ロンドンでは、一見満席に見えるこのロンドンバスの最前列に対して、座りたいので荷物をよけてくれと言ってくる人が普通に存在する。一列目の景色が見える席以外は、がら空きであったとしても、そのがら空きの席には座らず、あえて一列目に座りたい、と主張する人が普通にいる。

はじめは、スリかと思った。日本であれば、がら空きの公共交通機関で隣に座ってくる人は十中八九、痴漢だが、イギリスではあんまり痴漢もいないだろうから、きっとスリだろう、と思い、超緊張したものだった。

でも、次第に分かってきたことだけれど、この人たちは痴漢でもスリでもなく、ただ単に景色が見たいのだった。

でも、日本的な感覚でいうと、正直なところ、ロンドンバスの最前列は最初に場所をゲットできた2人のための席なのだ。
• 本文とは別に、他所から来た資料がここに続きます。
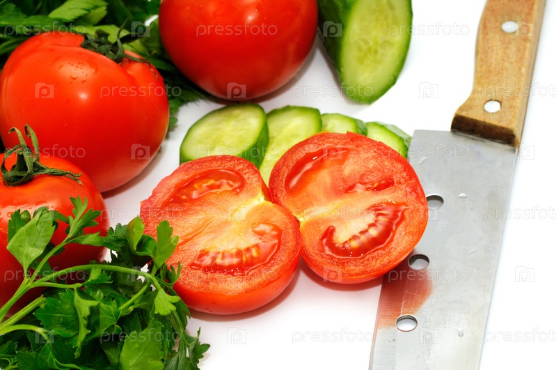 Томаты, огурцы и петрушка
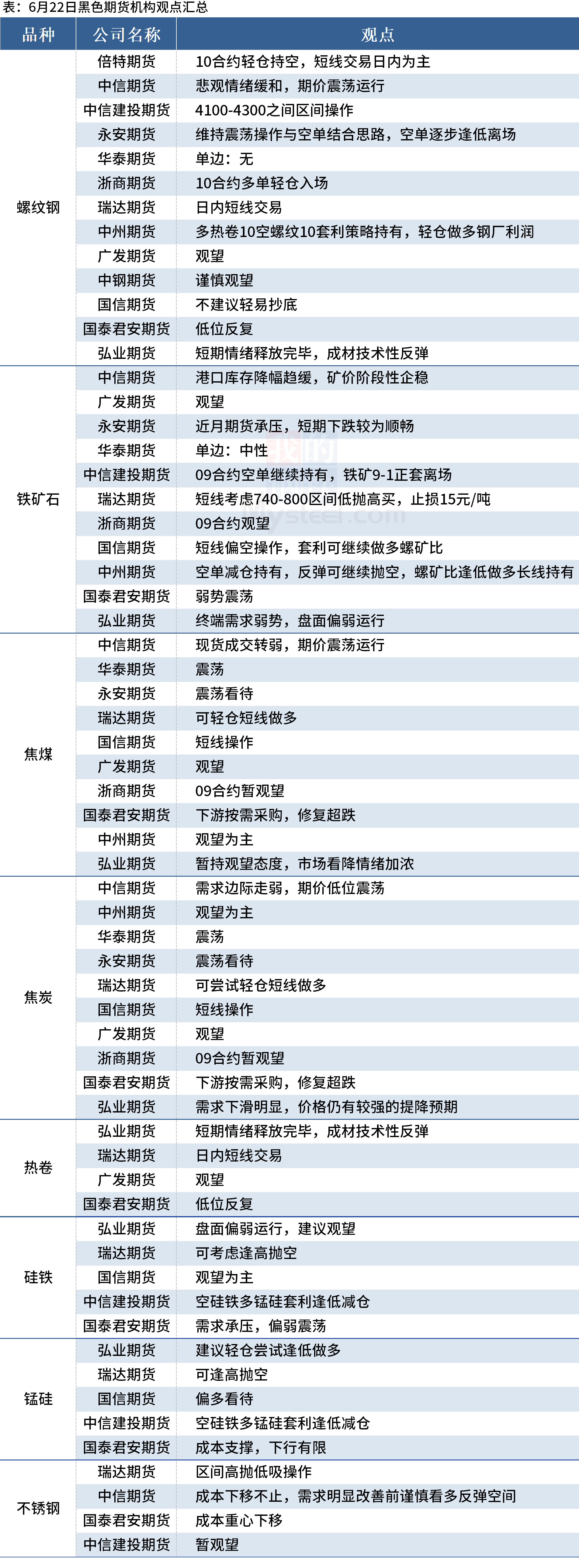 据Mysteel统计6月22日13家期货机构操作策略,其中多数机构看空铁矿石,预计螺纹钢震荡运行,焦煤。焦炭震荡看待。具体汇总内容如下:

(もちろん、混んでいる時は別だが。後ろががら空きの場合の話。)

日本の電車で、7人掛けだったら、まずはじめの人が

●○○○○○○

こう座って、次の人が

●○○○○○●

こう座って、その次の人が

●○○●○○●

こう座る、みたいな暗黙のルールあるじゃないですかw

それと似たような感じで、最前列が埋まった後に2階にやってきた人は、別の席に腰かけるのが、日本的には暗黙のマナーだと思うのだ。お互いに空気読みあって。

まぁでも、ここはロンドンだし、日本のマナー(と私が思っていること)を押し付けるつもりもない。

でも、でもね。

誰が好き好んで、大の大人、しかも赤の他人の4人が、他の席はがら空きの中、ロンドンバスの最前列に並んで腰かけて、荷物を抱えてまでロンドンの街を見たいっていうのかw そこまでして、見たいんだろうかw まじでなぞ。

ゆったり、座りたいじゃん。他人が荷物置いてゆったり座ってるのに、邪魔したら悪いじゃん。…って、思わないのかなw?まぁ、思わないんでしょうな。

パーソナルスペースの感覚の違いもあるだろうし、日本的な空気の読み合いがそこまでないってのもあるだろうし。まず他人のこと考える日本よりは自分の欲望に忠実な国だと思うし、肯定的に考えるとすれば、困った人や望む人にはきちんとシェアをする文化を持つ国だとも思う。

でも、なんというか、いまだにあんまり馴染めないロンドン的感覚のひとつなのでした。いや、荷物どけるけどさ。